Ces mesures offriraient une réponse aux besoins des populations riveraines et valoriseraient la dimension économique et environnementale pour chacun des partenaires. En outre, elles accentuent la dynamique de coopération entre les acteurs du monde maritime. Ce projet devrait reposer sur des systèmes d’information et des procédures compatibles avec les engagements internationaux de chacun.
Les coopérations existantes dans ce domaine, en Méditerranée occidentale, ont d'ores et déjà ouvert la voie d’une meilleure connaissance et d'une plus grande confiance mutuelles, permettant d’initier des échanges d’informations.
Ces échanges permettraient de déboucher sur une harmonisation progressive des dispositifs maritimes et portuaires, et favoriseront l'adoption de technologies modernes, pour contribuer à élever les standards de sécurité et de sûreté maritimes, en particulier dans les zones de compétence des ports.
La création d'un fonds méditerranéen pour un financement public-privé de la sécurité de l'espace maritimeLe transport et les activités économiques maritimes génèrent en Méditerranée une richesse considérable. 40 % du volume mondial de marchandises et 30% du trafic pétrolier empruntent les routes maritimes du bassin méditerranéen, classé 3ème zone maritime mondiale après l'Asie et l'Europe du Nord. 13 000 navires de haute mer y effectuent annuellement 250 000 escales commerciales dans 500 ports de commerce, alors que 10 000 navires transitent sans s’arrêter à travers la Méditerranée. Par ailleurs, 250 millions de tonnes de produits dangereux transportés par la mer sont traités chaque année par les industries portuaires, alors que 200millions supplémentaires transitent le long des côtes.

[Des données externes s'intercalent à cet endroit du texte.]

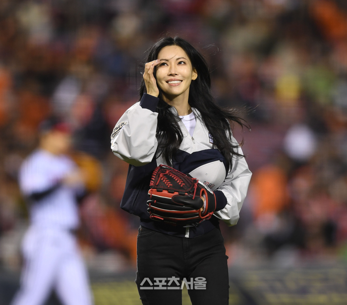 배우 김소연이 27일 서울 잠실구장에서 열린 2025 KBO 포스트시즌 한국시리즈 2차전 한화와 LG의 경기 시구 후 관중에 인사를 하고 있다.

La mer Méditerranée est donc exposée à la totalité des risques et ne bénéficie pas, notamment faute de moyens financiers, d’un dispositif coordonné de surveillance et de prévention à la hauteur des besoins du trafic.
Il est donc proposé la création d'une contribution financière, nouvelle pour Gibraltar, le Bosphore et additionnelle pour Suez, dédiée à la sécurité de l'espace maritime méditerranéen. Elle serait perçue en fonction du poids de marchandises transportées sur l'espace maritime délimité par les détroits. Ces derniers matérialisent les accès de cette mer fermée et facilitent le recensement des activités maritimes, ainsi que l'évaluation statistique des volumes d'échange et de transit.

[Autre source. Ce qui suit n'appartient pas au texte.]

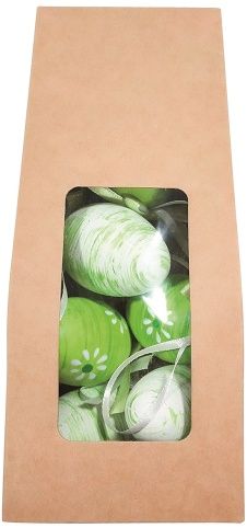 Plastová vajíčka na zavěšení v papírovém sáčku Vajíčka využijete ke zdobení věnců a vazeb nebo je můžete jednoduše zavěsit na větvičku. 6 kusů v balení, mix v zelených odstínech.

Ainsi, à titre d’exemple, un prélèvement de l’ordre de 1 euro par tonne de marchandise transitant par Suez génèrerait une contribution de 1 million € par jour. Compte tenu de la valeur de la marchandise transportée et du coût induit par le détour de la Méditerranée, ce prélèvement est considéré comme indolore par les transporteurs. Ce projet ouvre ainsi une perspective pionnière, équitable et durable de financement de l'effort partagé de sécurisation de l'espace maritime, impliquant l’ensemble des pays riverains de la Méditerranée.